■ THE PROBLEM
Every line from the one holding "HTN77A0允許從高輸入電" through the one holding "4:我们打开一个有需要下载资源的网页,然后我们点击这个插件的ICO图标" in the data below must be returned exactly, both ends included, with pictures left out and nothing else added.

----- INFORMATION SUPPLIED -----

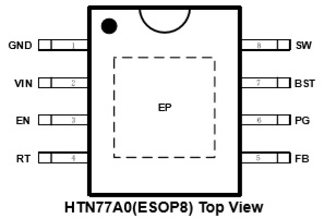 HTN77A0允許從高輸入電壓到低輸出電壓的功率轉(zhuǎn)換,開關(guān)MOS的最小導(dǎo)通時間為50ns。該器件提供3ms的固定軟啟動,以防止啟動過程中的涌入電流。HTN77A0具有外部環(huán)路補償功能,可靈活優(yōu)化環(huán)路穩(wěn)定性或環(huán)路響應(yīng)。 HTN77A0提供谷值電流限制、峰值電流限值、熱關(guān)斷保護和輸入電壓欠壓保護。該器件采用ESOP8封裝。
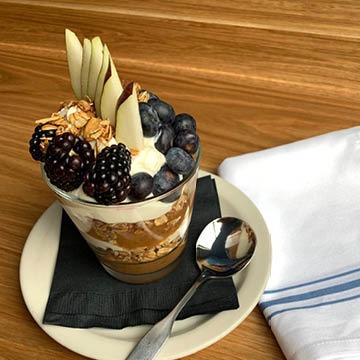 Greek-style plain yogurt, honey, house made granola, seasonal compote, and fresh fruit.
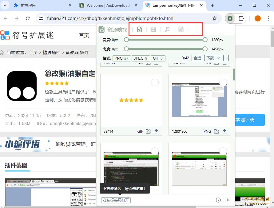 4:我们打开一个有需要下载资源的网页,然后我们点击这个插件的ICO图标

-----
----- INFORMATION SUPPLIED -----

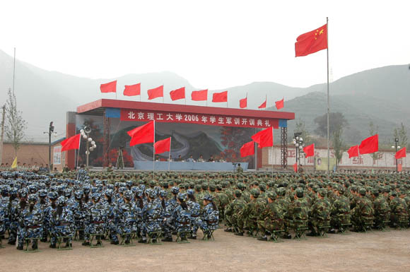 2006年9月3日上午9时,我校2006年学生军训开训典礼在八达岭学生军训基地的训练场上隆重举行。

-----

■ RESULT
 HTN77A0允許從高輸入電壓到低輸出電壓的功率轉(zhuǎn)換,開關(guān)MOS的最小導(dǎo)通時間為50ns。該器件提供3ms的固定軟啟動,以防止啟動過程中的涌入電流。HTN77A0具有外部環(huán)路補償功能,可靈活優(yōu)化環(huán)路穩(wěn)定性或環(huán)路響應(yīng)。 HTN77A0提供谷值電流限制、峰值電流限值、熱關(guān)斷保護和輸入電壓欠壓保護。該器件采用ESOP8封裝。
 Greek-style plain yogurt, honey, house made granola, seasonal compote, and fresh fruit.
 4:我们打开一个有需要下载资源的网页,然后我们点击这个插件的ICO图标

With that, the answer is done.